[YOUR GOAL] Return the line containing "The Digestive System Crossword" and every line beneath it through the end of the entries below, unchanged. Pictures stay out.

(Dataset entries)
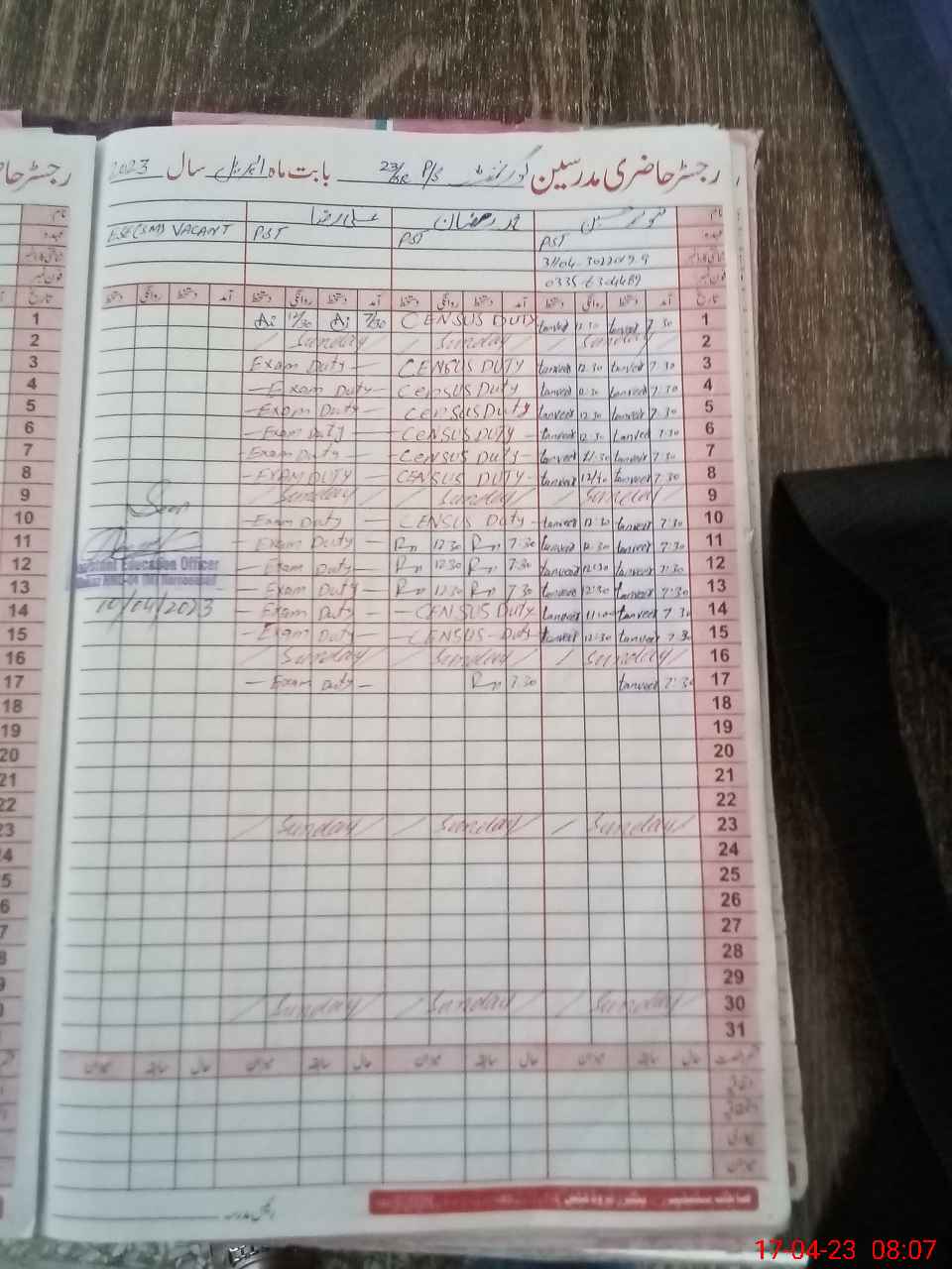 | 31**** | Al**** Ra**** | PST | Regular | 0 | 0 | 0 | 0 | 0 | 0 | 0 | 0 | 0 | Exam Duty |
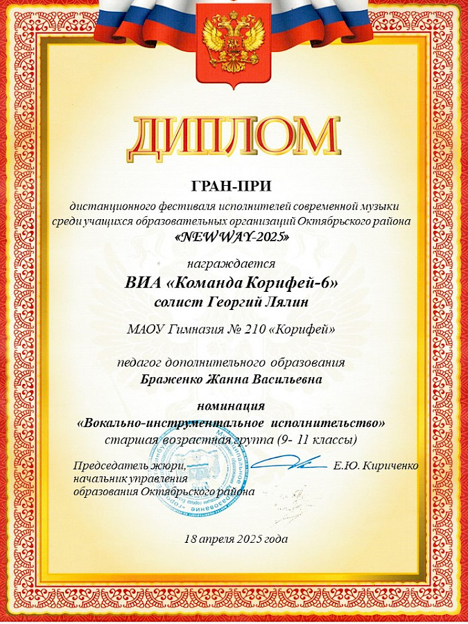 Поздравляем Георгия Лялина, Петра Григорюка, Матвея Переладова, Макара Сомова, Валерию Лялину, Александра Ваниева, Ирину Гарифуллину и их руководителя - великолепную, зажигательную и зажигающую Жанну Васильевну Браженко с высокими творческими результатами!
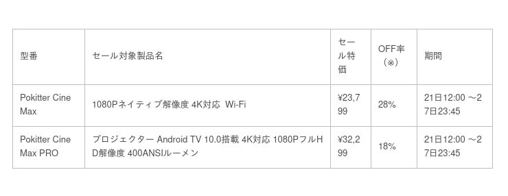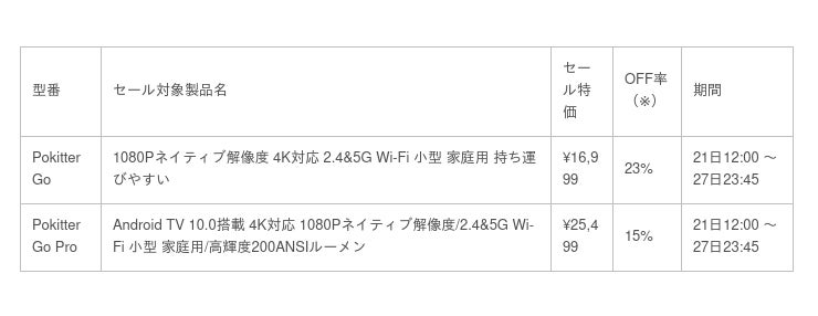 Pokitter年間最大の格安セール「ブラックフライデーセール」の開催シーズン!今年も人気のPokitter製品を最大20%OFFにてご提供です。 看板商品のプロジェクター、セラミックヒーター、加湿器には新商品が登場!この機会にぜひPokitterでのお買い物をお楽しみください。
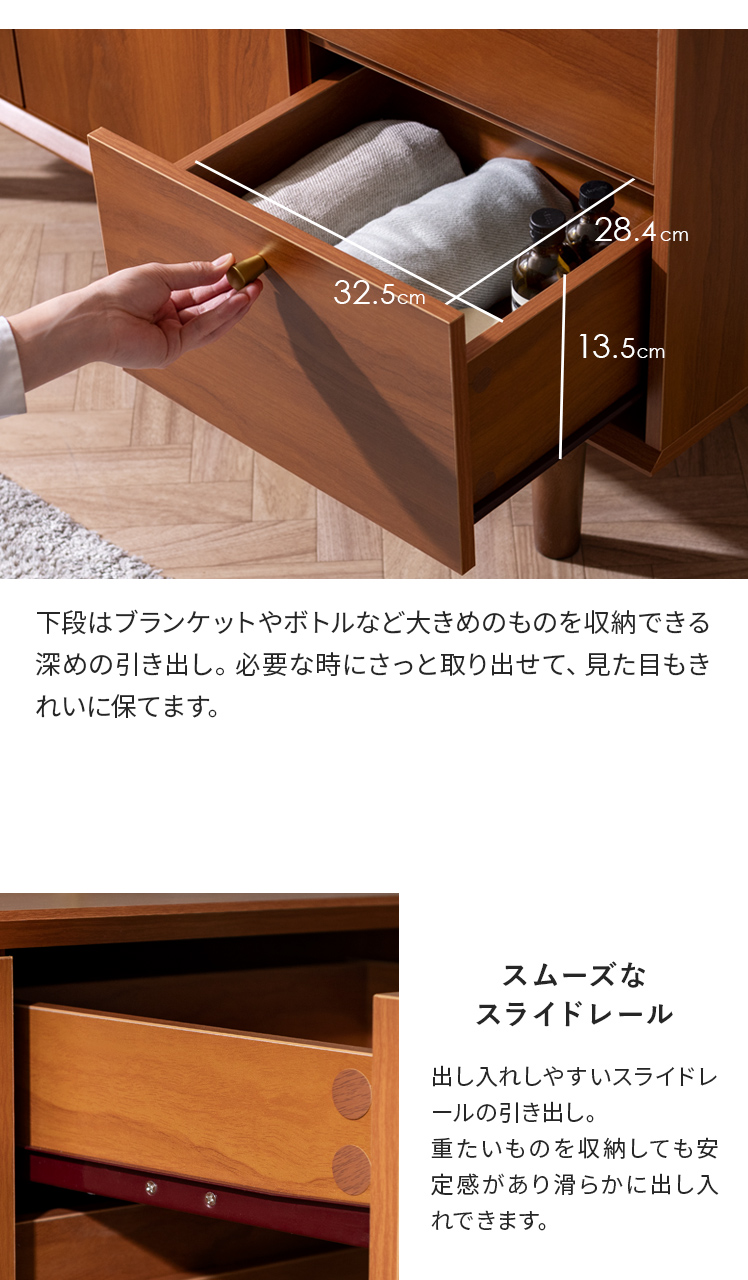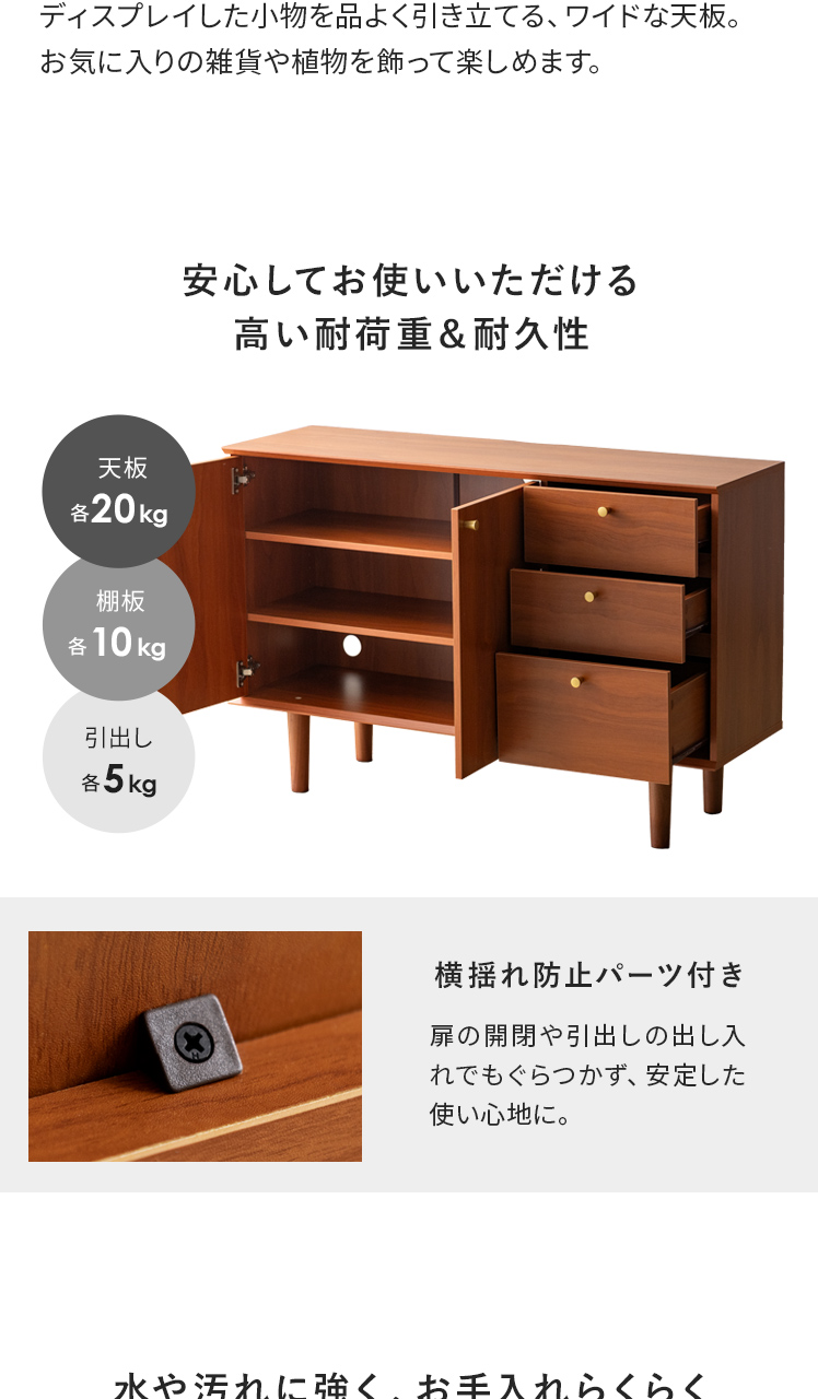 | 耐荷重 | 天板/約20kg、可動棚/各約10kg、引き出し/各約5kg |
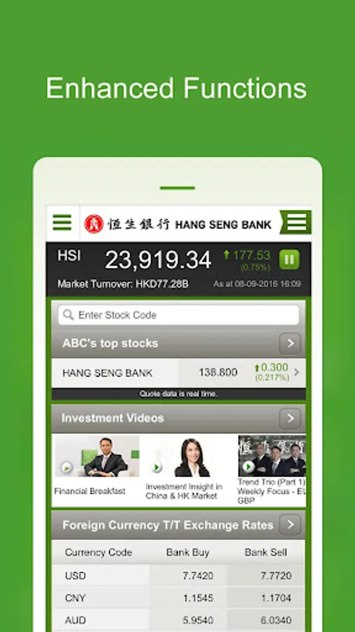 Up-to-date market information and latest market outlook are requisite for you to make the best investment decision. Hang Seng’s Market Info App with enhanced functions helps you to seize each investment opportunities. Download Now to experience our comprehensive market info app!
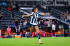 Guadalupe, Nuevo León, 31 de octubre de 2025. Christina Burkenroad anota gol, durante el partido correspondiente a la jornada 17 del torneo Apertura 2025 de la Liga BBVA MX Femenil, entre las Rayadas del Monterrey y las Rojinegras del Atlas, realizado en el estadio BBVA. Foto: Imago7/ Andrea Jiménez
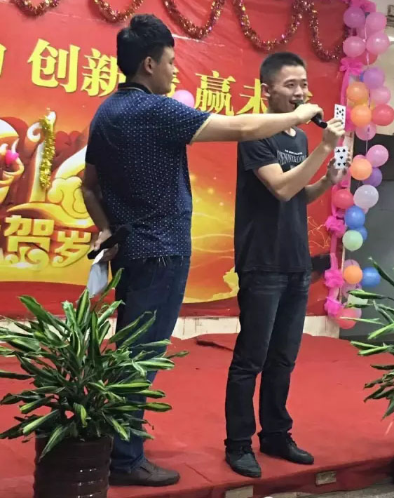 營銷部蔡培源現(xiàn)場帶來的撲克牌游戲展現(xiàn)出多才多藝;品保部曾茂霞的手語舞蹈《爸爸、媽媽》、品保部婁潤碧的女兒舞蹈《快樂你懂得》、技術(shù)部帥哥靚女的舞蹈《練舞功》把晚會推向了高潮。
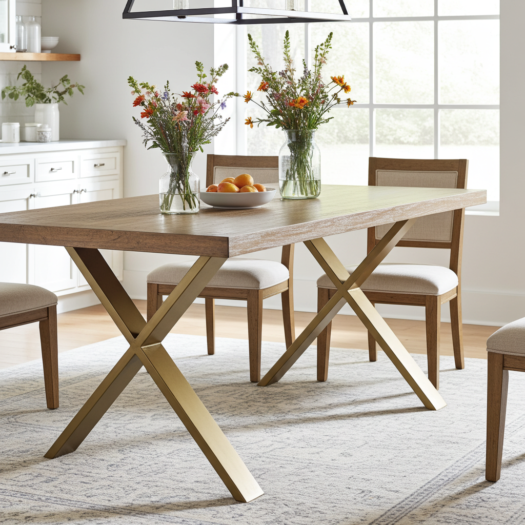 Looking to upgrade your table or start a new DIY project? These gold X-type metal table legs make it easy. Thanks to the elegant loft-style and sturdy steel, your furniture will look modern and feel strong. Their special X-shape is not only eye-catching but also gives solid support for tabletops.
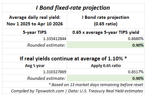 If we assume the fixed rate holds at 0.90% and the variable rate rises to 3.34%, we are looking at a new composite rate of 4.26%, up from the current 4.03%, for I Bonds purchased from May to October 2026. This is based on the formula the Treasury uses to calculate the composite rate:
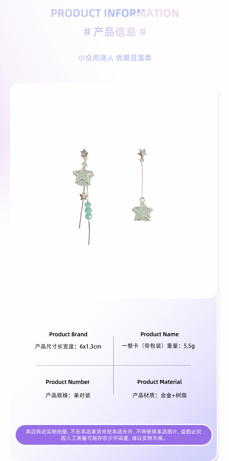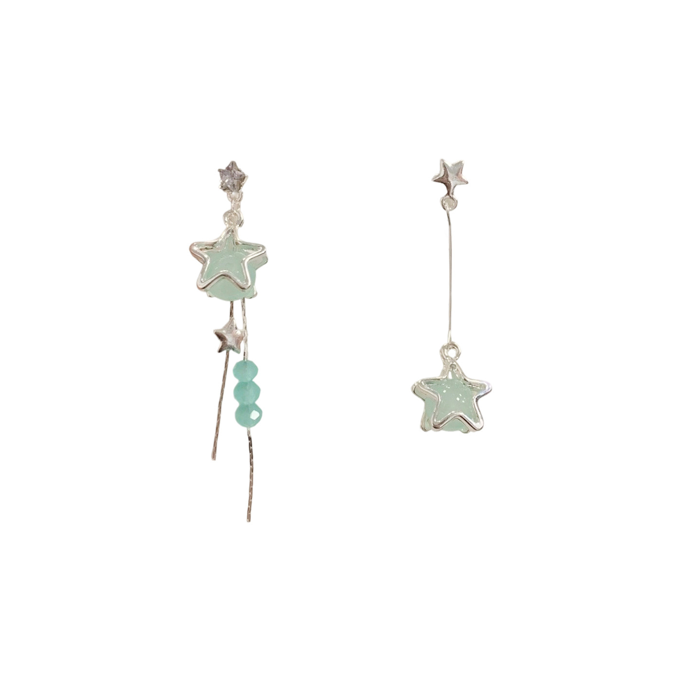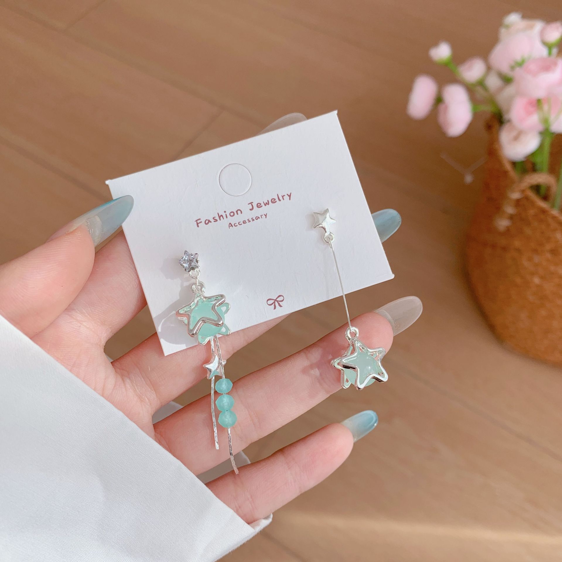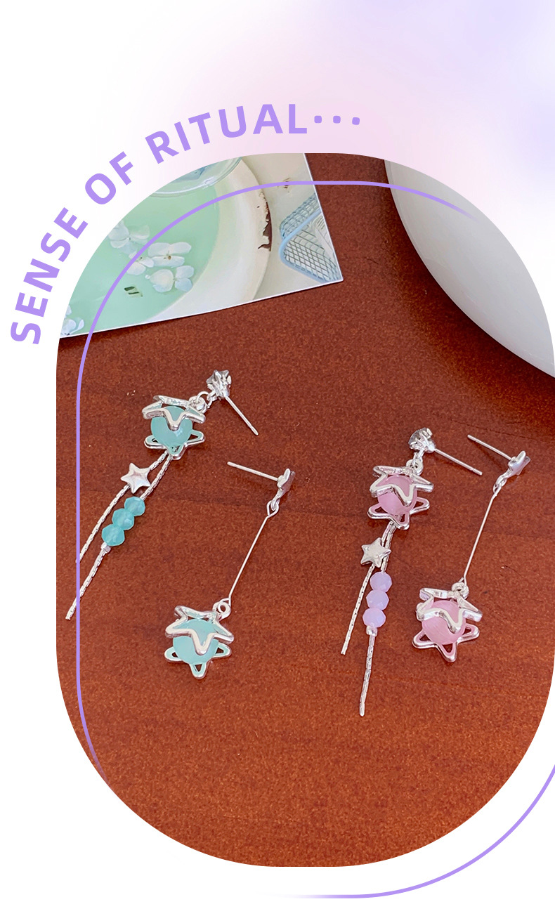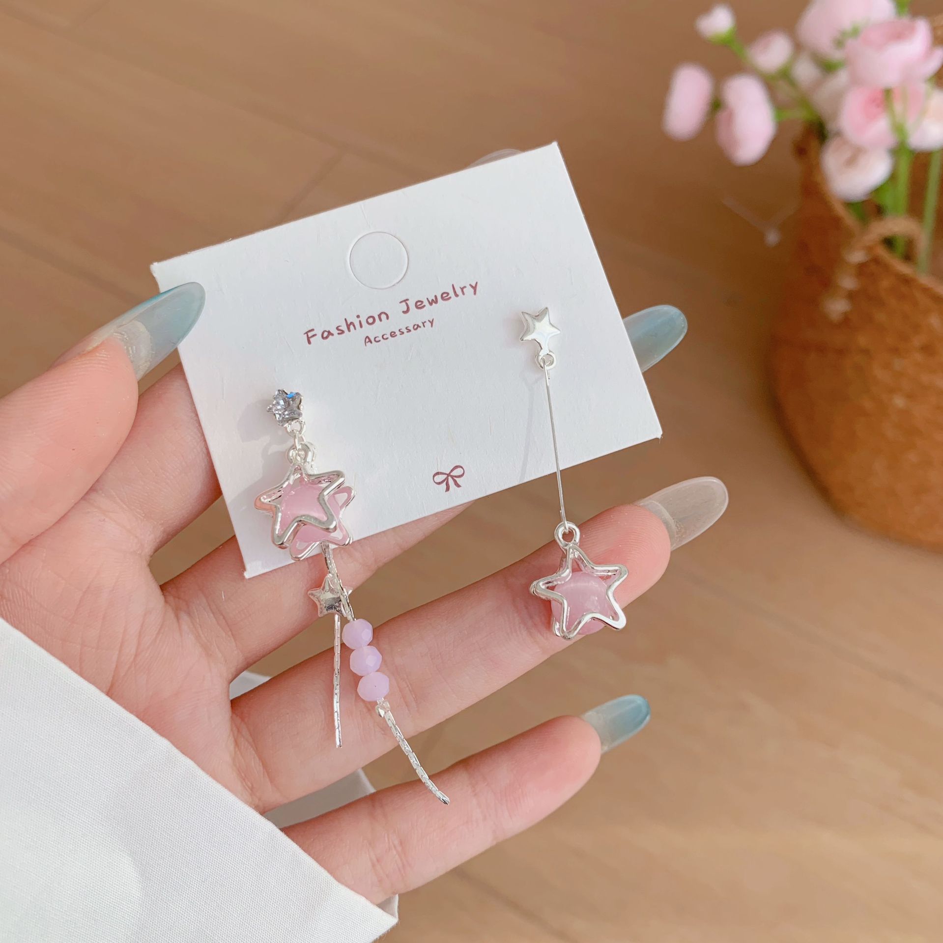 Pink Blue Star Handmade Beaded Earrings for Women Silver Needle Summer Super Fairy Exquisite Gentle Sweet Long Tassel Earrings
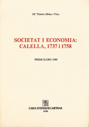M. Teresa Mora i Vila Societat i economia: Calella, 1737 i 1758 (Premi Iluro 1989), 1990 Pròleg de Carlos Martínez Shaw Prenent com a font històrica els cadastres calellencs, es…
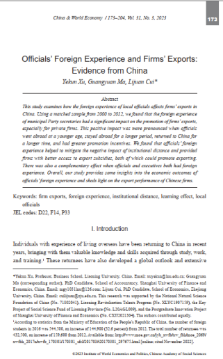五大联赛买球网徐业坤教授作为第一作者的合作论文Officials’foreign experience and firms’ exports: Evidence from China 2023年5月在国际期刊China & World Economy发表。
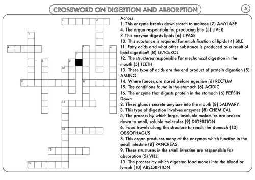 The Digestive System Crossword Answers : Biology Crossword Puzzle: The Digestive System (Includes Answer Key)
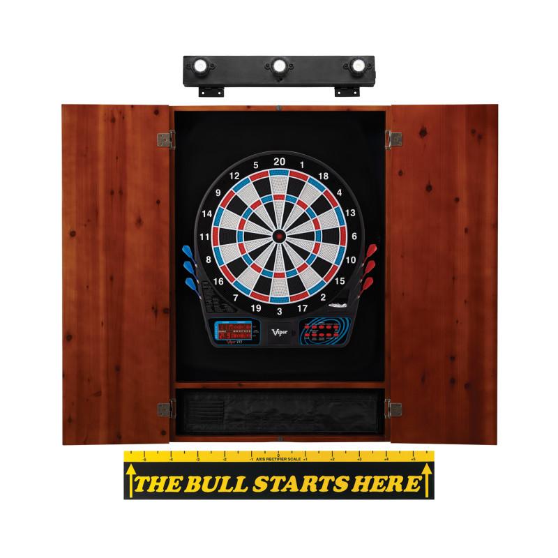 Viper 777 Electronic Dartboard, Metropolitan Cinnamon Cabinet, Throw Line Marker & Shadow Buster Dartboard Light Bundle

[COMPLETED EXERCISE]
 The Digestive System Crossword Answers : Biology Crossword Puzzle: The Digestive System (Includes Answer Key)
 Viper 777 Electronic Dartboard, Metropolitan Cinnamon Cabinet, Throw Line Marker & Shadow Buster Dartboard Light Bundle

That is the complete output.